Window 1: Train on 2020 data, predict 2021 Q1.
Window 2: Train on 2020 Q2 - 2021 Q1 data, predict 2021 Q2.
... Move forward like a rolling wheel.

Quick Start¶

1. Define Strategy¶

You need to inherit from Strategy and implement the prepare_features method.

from akquant.strategy import Strategy
from akquant.ml import SklearnAdapter
from sklearn.linear_model import LogisticRegression
import pandas as pd

class MyMLStrategy(Strategy):
    def __init__(self):

        # 1. Initialize Model
        # You can use any sklearn-compatible model here, such as RandomForest, XGBoost
        self.model = SklearnAdapter(LogisticRegression())

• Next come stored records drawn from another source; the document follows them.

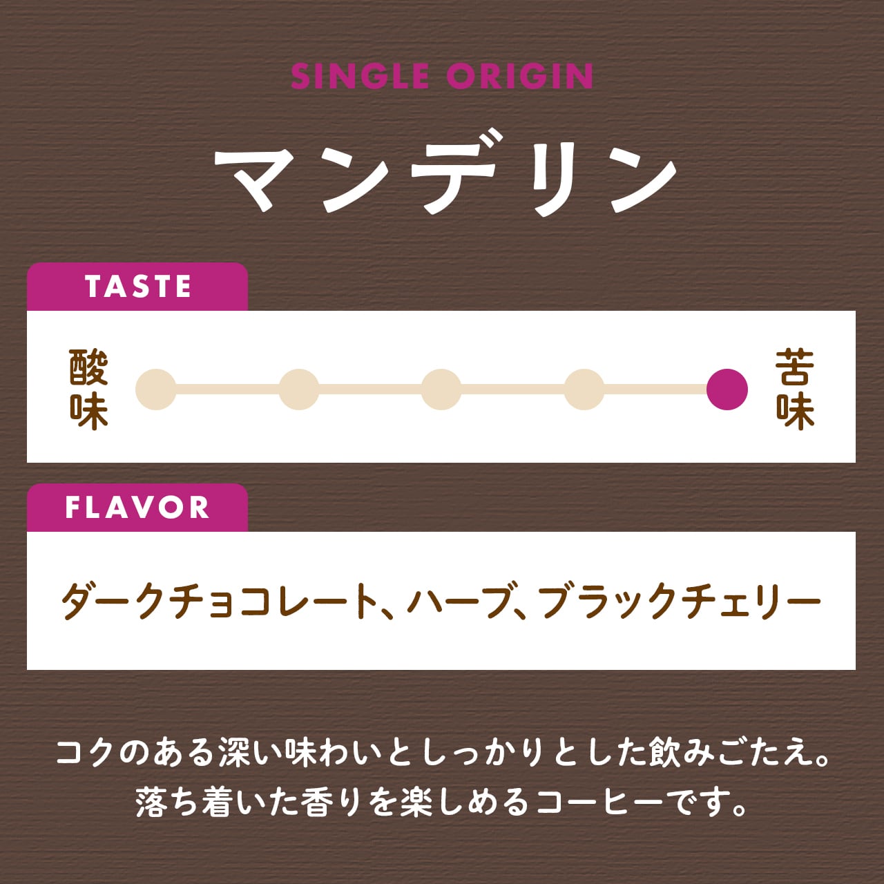 大粒で独特の苦みと濃厚なコクが特徴です。
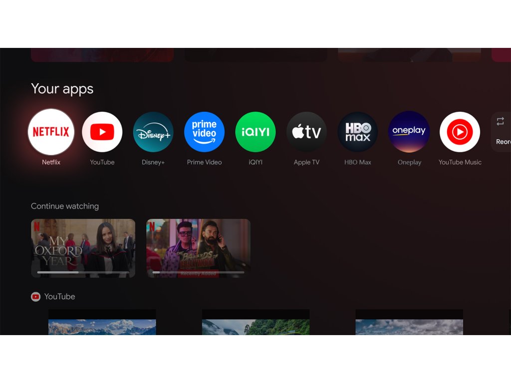 • podpora aplikací Netflix, Disney+, Prime video, Oneplay, HBO Max, Apple TV, Skylink Live TV, YouTube, Spotify
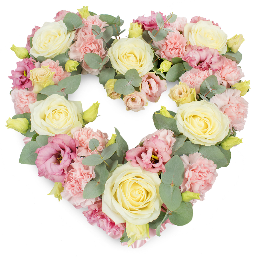 Express your gratitude and love with our Sophisticated Open Heart display. This elegant bouquet combines white roses, pink carnations, pink lisianthus, and eucalyptus leaves, artistically arranged to create a memorable tribute.
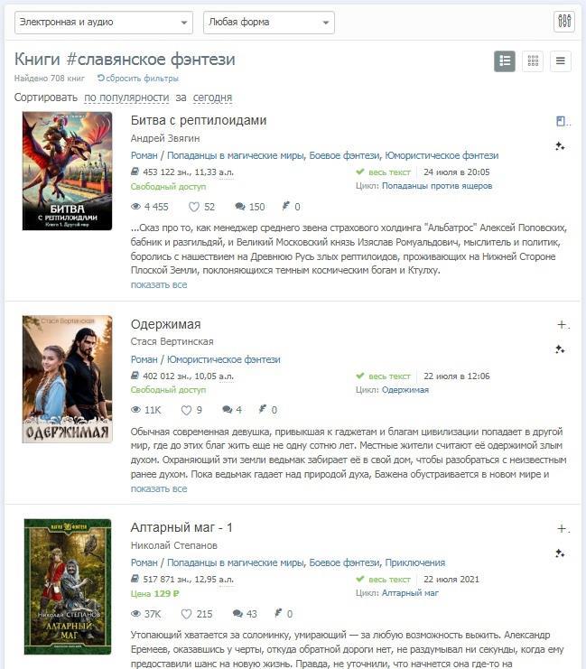 А вот что приятно не очень (и не очень понятно), почему нет на сайте такого жанра - "славянское фэнтези". Ведь, если задуматься, огромное поле деятельности.
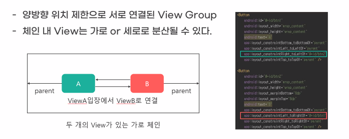 - 제약조건(Constraint)을 사용해 화면을 구성하는 Layout
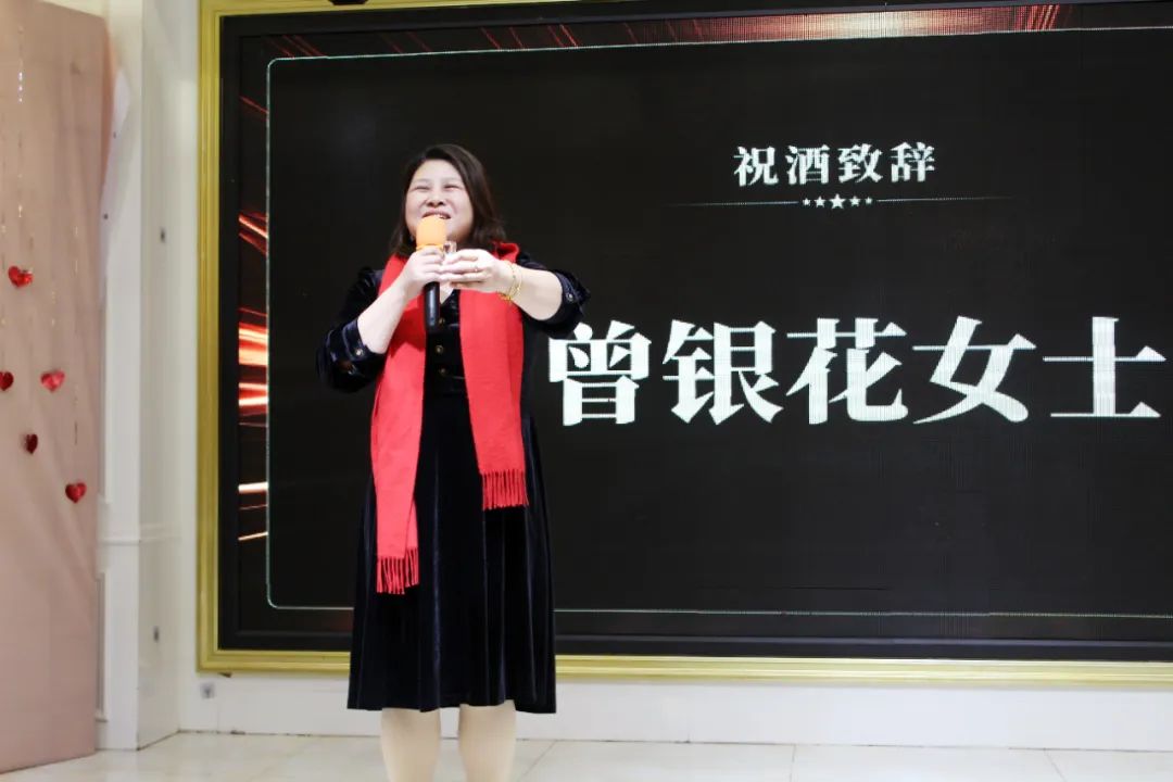 十堰猛獅董事長曾銀花女士隨后發表了熱情洋溢、激動人心的祝酒辭,為參加年會的現場嘉賓、全體員工送上了2025蛇年新春祝福。

        # 2. Configure Walk-forward Validation
        # The framework automatically handles data splitting, model retraining, and parameter freezing
        self.model.set_validation(
            method='walk_forward',
            train_window='1y',   # Use past 1 year of data for training each time
            rolling_step='3m',   # Retrain every 3 months
            frequency='1d',      # Data frequency (used for parsing time strings)
            verbose=True         # Print training logs
        )

        # Ensure historical data length is sufficient
        self.set_history_depth(300)

    def prepare_features(self, df: pd.DataFrame):
        """
        [Must Implement] Feature Engineering Logic

        :param df: Raw OHLCV data (DataFrame)
        :return: (X, y) tuple
        """
        # Simple Example: Use returns as features
        X = pd.DataFrame()
        X['ret1'] = df['close'].pct_change()
        X['ret2'] = df['close'].pct_change(2)
        X = X.fillna(0)

        # Construct Label y (Predict next period's movement)
        # shift(-1) moves future returns to the current row as label
        future_ret = df['close'].pct_change().shift(-1)
        y = (future_ret > 0).astype(int)

        # Note: The framework only handles slicing raw data df by time window, not feature/label alignment
        # Since shift(-1) causes the last row of y to be NaN, it must be manually removed
        # Otherwise sklearn/pytorch training will fail
        return X.iloc[:-1], y.iloc[:-1]

    def on_bar(self, bar):
        # 3. Real-time Prediction & Trading
        # Check if model is ready (first 1 year of data used for cold start training)
        if self._bar_count < 250:
            return

        # Get recent data for feature extraction
        hist_df = self.get_history_df(5)

        # For demonstration, manually construct current features (consistent with prepare_features logic)
        curr_ret1 = (bar.close - hist_df['close'].iloc[-2]) / hist_df['close'].iloc[-2]
        curr_ret2 = (bar.close - hist_df['close'].iloc[-3]) / hist_df['close'].iloc[-3]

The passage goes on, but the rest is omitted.